:: Information provided ::

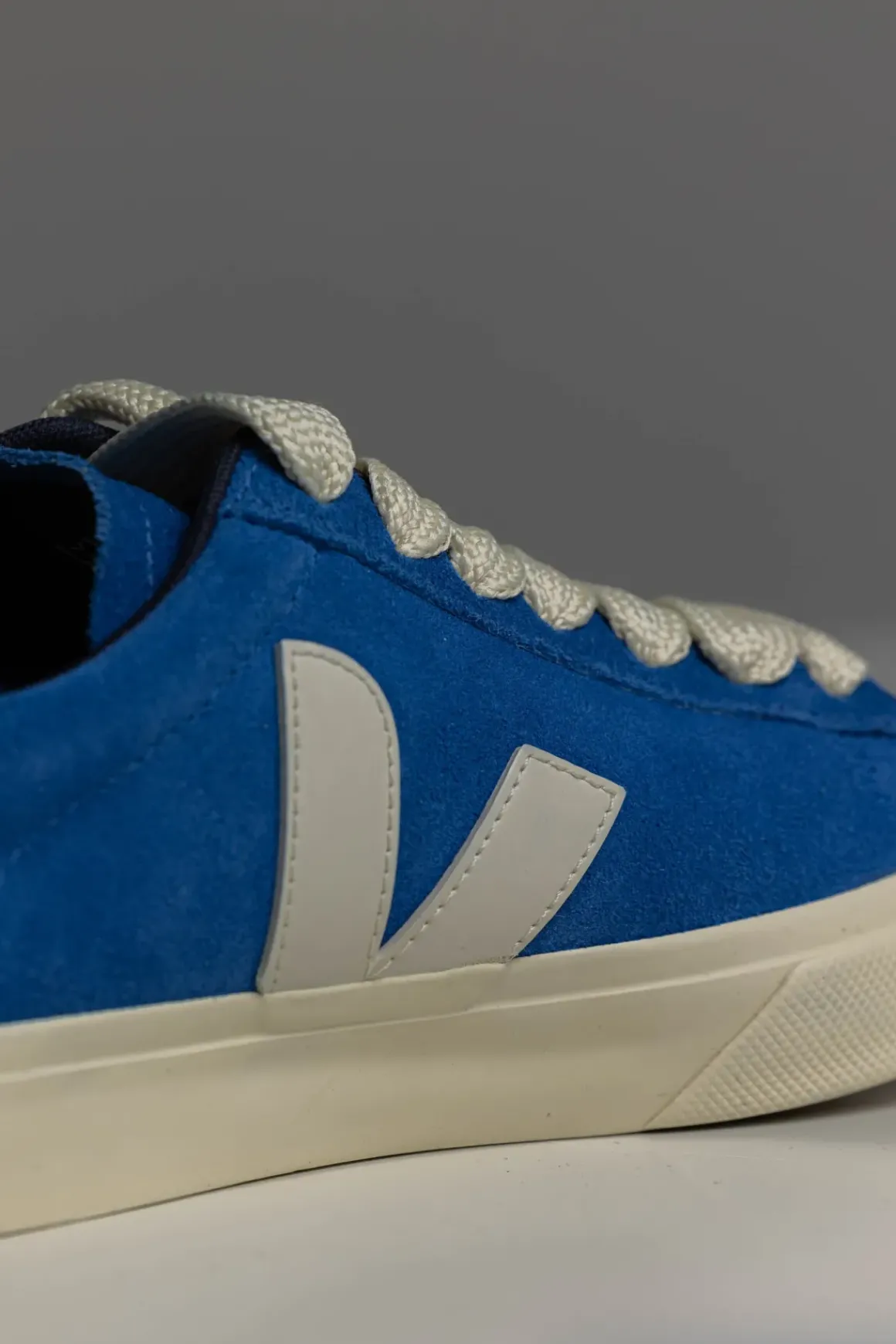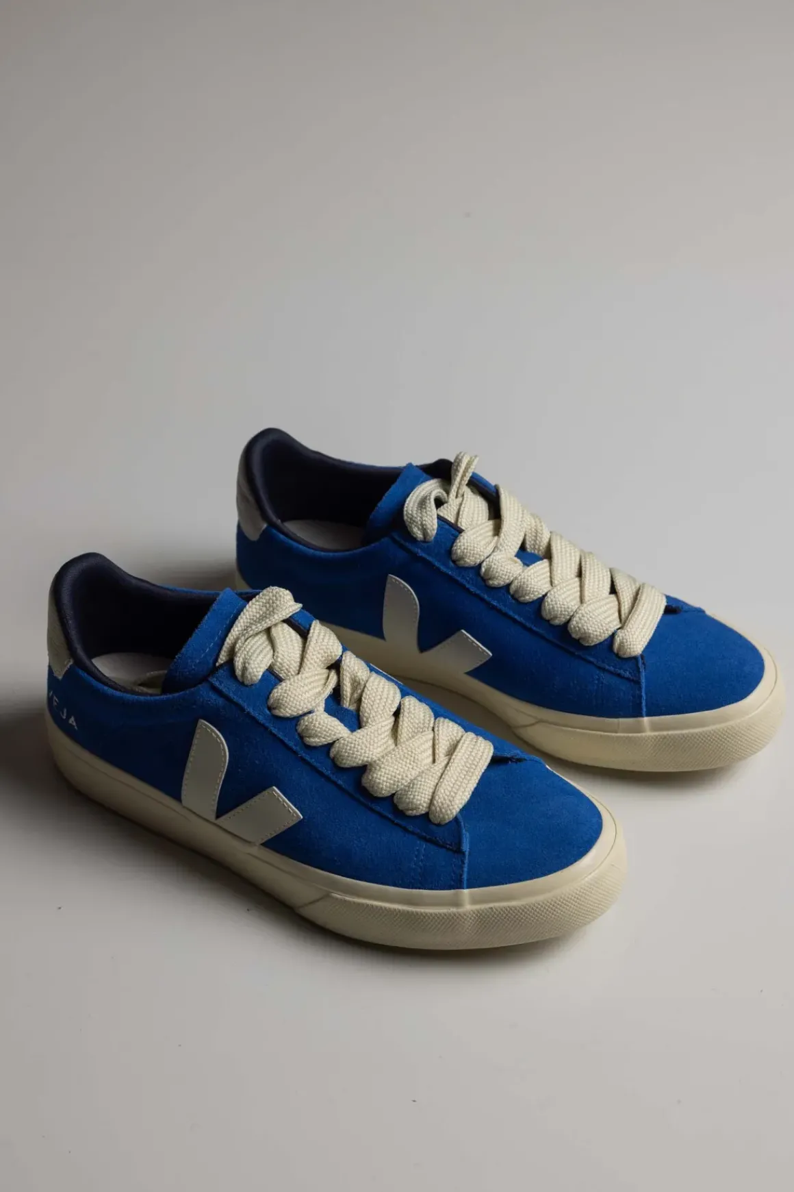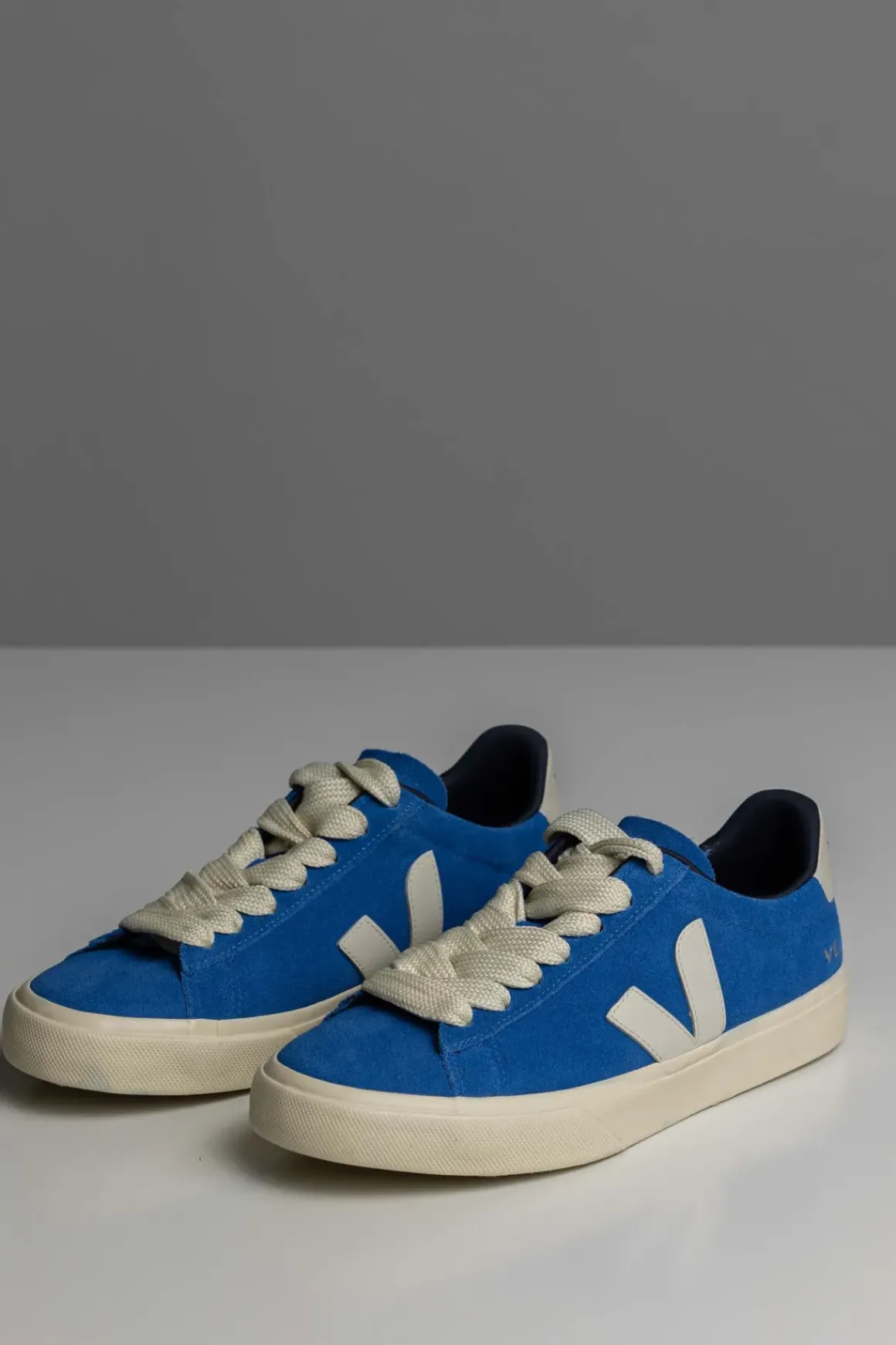 Veja Campo er en klassisk sneaker laget med mykt, semsket skinn fra Brasil, behandlet for fleksibilitet og vannavstøtende egenskaper uten PFC-er. Logo og såle er en innovativ miks av naturlig og resirkulert materiale, mens fôr og lisser er av 100% resirkulert polyester. Laget i Brasil med miljøvennlige prosesser, er dette et stilsikkert og bærekraftig valg.
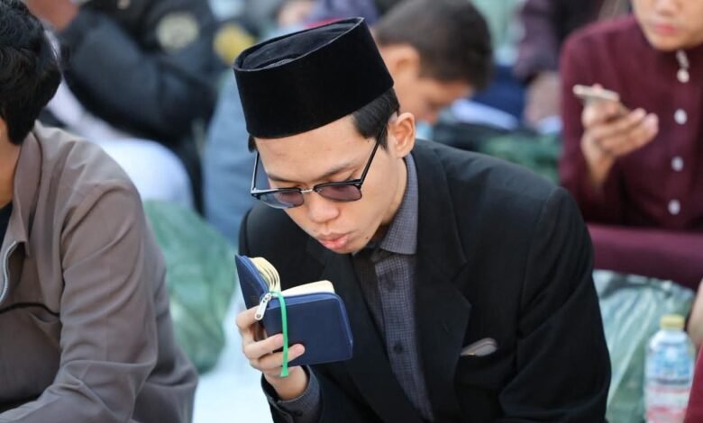 يتلون كتاب الله ويتدارسونه .. الطلاب الوافدون كالبنيان المرصوص بصحن الجامع الأزهر قبيل الإفطار الجماعي الذي ينظمه بيت الزكاة والصدقات
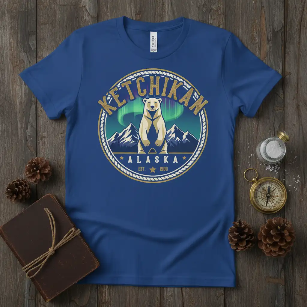 This t-shirt serves as a perfect reminder of the unforgettable experiences Alaska offers, from its unique wildlife to its awe-inspiring celestial displays. It’s a thoughtful gift for friends and family who share a passion for travel, nature, or the captivating beauty of the Alaskan wilderness. Let this “Ketchikan Alaska Est. 1900” tee be your gateway to sharing the magic of this extraordinary place.

:: Directions for this task ::
The copy should match each line above exactly and contain no images.

:: Response to the exercise ::
 Veja Campo er en klassisk sneaker laget med mykt, semsket skinn fra Brasil, behandlet for fleksibilitet og vannavstøtende egenskaper uten PFC-er. Logo og såle er en innovativ miks av naturlig og resirkulert materiale, mens fôr og lisser er av 100% resirkulert polyester. Laget i Brasil med miljøvennlige prosesser, er dette et stilsikkert og bærekraftig valg.
 يتلون كتاب الله ويتدارسونه .. الطلاب الوافدون كالبنيان المرصوص بصحن الجامع الأزهر قبيل الإفطار الجماعي الذي ينظمه بيت الزكاة والصدقات
 This t-shirt serves as a perfect reminder of the unforgettable experiences Alaska offers, from its unique wildlife to its awe-inspiring celestial displays. It’s a thoughtful gift for friends and family who share a passion for travel, nature, or the captivating beauty of the Alaskan wilderness. Let this “Ketchikan Alaska Est. 1900” tee be your gateway to sharing the magic of this extraordinary place.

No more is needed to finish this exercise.